If you expect all alpha components to come first, then all red components, etc .: This flat layout, and I don't think Quartz supports it natively - it only supports all components together in each pixel ( ARGBARGBARGBARGB… not AAAA…RRRR…GGGG…BBBB… ). So, if you simply lay right in the data that treats each byte as alpha, then your problem: you look at the red, green and blue components and consider them as alpha.

As for premultiplication, which does not affect the alpha channel, this affects the color channels.
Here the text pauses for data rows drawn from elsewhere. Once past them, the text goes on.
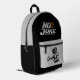 Lightweight and durable, our NO JOKE FOOTBALL QB Backpack is just what you need. The spacious interior is ideal for travel, school, gym, or any mobile storage need. Bring your stuff with you in style! Features Adjustable padded shoulder straps, two chambers on the inside for laptop storage, mesh side pockets and an identification label.
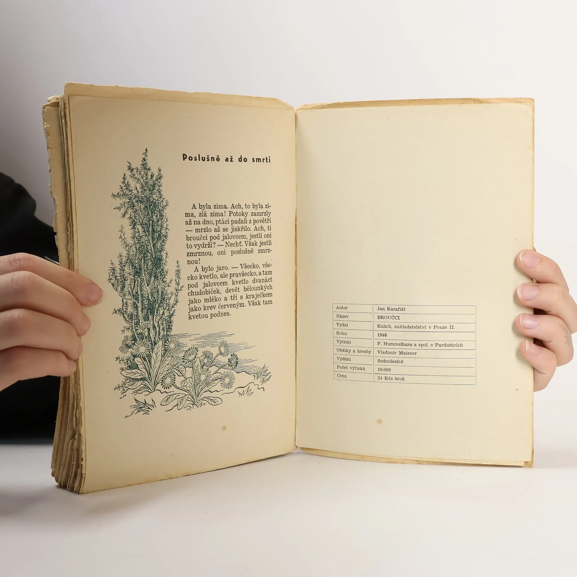Broučky, jediné umělecké literární dílo Jana Karafiáta (1846–1929), potkaly nejednoduché osudy. Roku 1876 anonymně vyšel skromný, neilustrovaný svazek – tehdy s názvem Broučci pro malé i velké děti – a zapadl vcelku bez povšimnutí. Až teprve po sedmnácti letech knížku objevil a zpopularizoval novinář Gustav Jaroš, který ji označil jako „snad nejkrásnější květ naší české literatury dětské“ a jejího autora nazval „českým Andersenem“. Poetická obraznost Broučků, citlivý přírodní lyrismus a ušlechtilý humanismus si dále uchovávají nepomíjející platnost. I jazykově, svým jadrným básnickým slohem šťastně spojujícím hovorovost lidové řeči s vytříbenými biblismy, je dílo Jana Karafiáta pozoruhodné. Čtenářsky i posluchačsky stále přitažlivé zůstávají postavičky malých hrdinů, broučků a berušek, které při všech svých světlých stránkách nejsou zbaveny pravdivých lidských vlastností. Spolehlivým průvodcem Broučků jsou ilustrace národního umělce Jiřího Trnky, které přes časový odstup od svého vzniku na počátku čtyřicátých let nic nepozbyly ze svého půvabu.
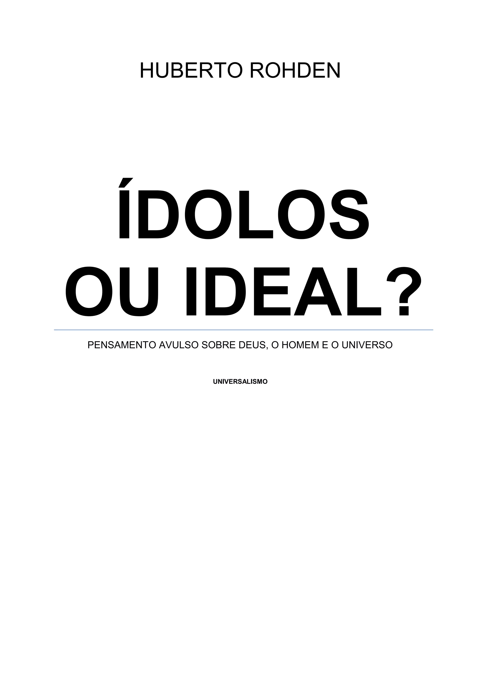Este documento apresenta trechos de um livro de Huberto Rohden sobre Deus, o homem e o universo. O autor discute a importância de "fechar o circuito" ao compartilhar os dons recebidos de Deus com os outros, evitando assim a "velhice moral" do egoísmo. Ele também reflete sobre como o verdadeiro eu está para além das cobiças físicas e mentais, identificando Deus no homem como a alma ou espírito interior.

Formula for arranging a raster (placing one raster image over another):

 dst.r = src.r * src.a + dst.r * (1.0 - src.a); dst.g = src.g * src.a + dst.g * (1.0 - src.a); dst.b = src.b * src.a + dst.b * (1.0 - src.a); 

Finalization cuts out the first expression for multiplication:

 dst.r = src.r′ + dst.r * (1.0 - src.a); dst.g = src.g′ + dst.g * (1.0 - src.a); dst.b = src.b′ + dst.b * (1.0 - src.a); 

This works because the original color components are already multiplied by the alpha component, hence the name "premultiplied". Now there is no need to multiply them, because it already has results.

This is an optimization and, apparently, important for the iPhone (all these multiplication operations add up when you make a million or two of them). But this does not affect the layout of the components: alternating remain alternating, whether the RGB components will be pre-multiplied or not.